How Toronto's planning history is influencing its walkable future
CBC
Tucked inside Toronto’s leafy, quiet and private residential neighbourhoods are facades that tell the story of another time in the city’s urban planning history.
Until the early years of the 1900s, the city’s ability to make certain decisions was curtailed by the province, like choosing where businesses went and what kinds of commercial uses could happen on which plots of land. As a result, those living in the muddy, burgeoning city of 19th century Toronto experienced a mix of business and residential buildings that present-day Torontonians haven’t seen for decades.
Paul Hess, a professor in the geography and planning department at the University of Toronto, said in a pre-automobile world, it was a trend seen in cities across North America.
“There were little factories in the neighbourhood, there were bakeries, people had horses and they had their carts and they delivered milk,” said Hess. “There was all that kind of stuff that not only supported everyday life, but people were making their living in the neighbourhoods.”
Shops and other businesses in neighbourhoods were an important part of the city’s early history, according to a planning report before city council earlier this year, but mid-20th century policies stopped new ones from opening.

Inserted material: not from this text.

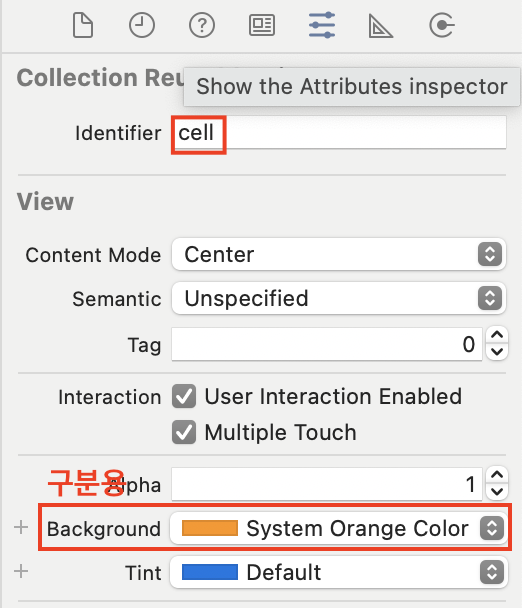 Show the Attributes Inspector(위 그림의 빨간 박스 아이콘)를 선택한 뒤,Identifier에 아까 프로토콜 조각에서 지정했던cell구분자를 입력합니다. - 셀이 표시되는지 구분하기 위해
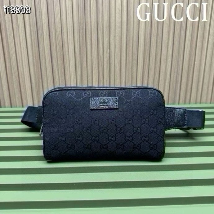 Gucci Canvas and Leather Double G Print Zipper Bag

Leaving only those businesses that were grandfathered in, or had applied to the city for a zoning variance, allowed to remain open inside residential neighbourhoods.
But in the city’s core that is now changing. City council voted in November to allow some detached properties on select residential streets, like a house or multiplex, to become a retail store in certain wards.
The wards now seeing a partial reversal to the long-standing limitations include: Davenport, Parkdale-High Park, Spadina-Fort York, Toronto-Danforth, Toronto-Centre, Toronto-St. Paul’s, University-Rosedale and Beaches-East York.
Limitations put in place after the province allowed municipalities to make those decisions more than a hundred years ago.
“Rules started going in to make neighbourhoods places where you’re not going to be bothered by the factory next door,” he said. “That eventually becomes that people really don’t want anything around them that’s going to disturb the residential environment.”
While local councillors celebrated the move, Hess is tepid about the potential success of the decision to loosen the rules, because brick and mortar retail stores have already been struggling in recent years.
But for Contra Café near Shaw and Dupont streets, being embedded in the neighbourhood has been a boon for business. The café was founded by building owner and architect Aaron Letki, who purchased what used to be a traditional corner store and redesigned the building into a café.
While properties operating as a business were grandfathered into the stricter zoning rules, Letki still had to get approval from the city because it was changing from a store to a cafe — red tape the city’s working to eliminate with these changes.
“I’ve lived in this neighbourhood since I was seven,” Letki said. “There used to be grocery stores on every corner and I’ve seen them one by one close.”
He said the business, which is now owned by his former baker, has become more successful than he imagined when he came up with the concept.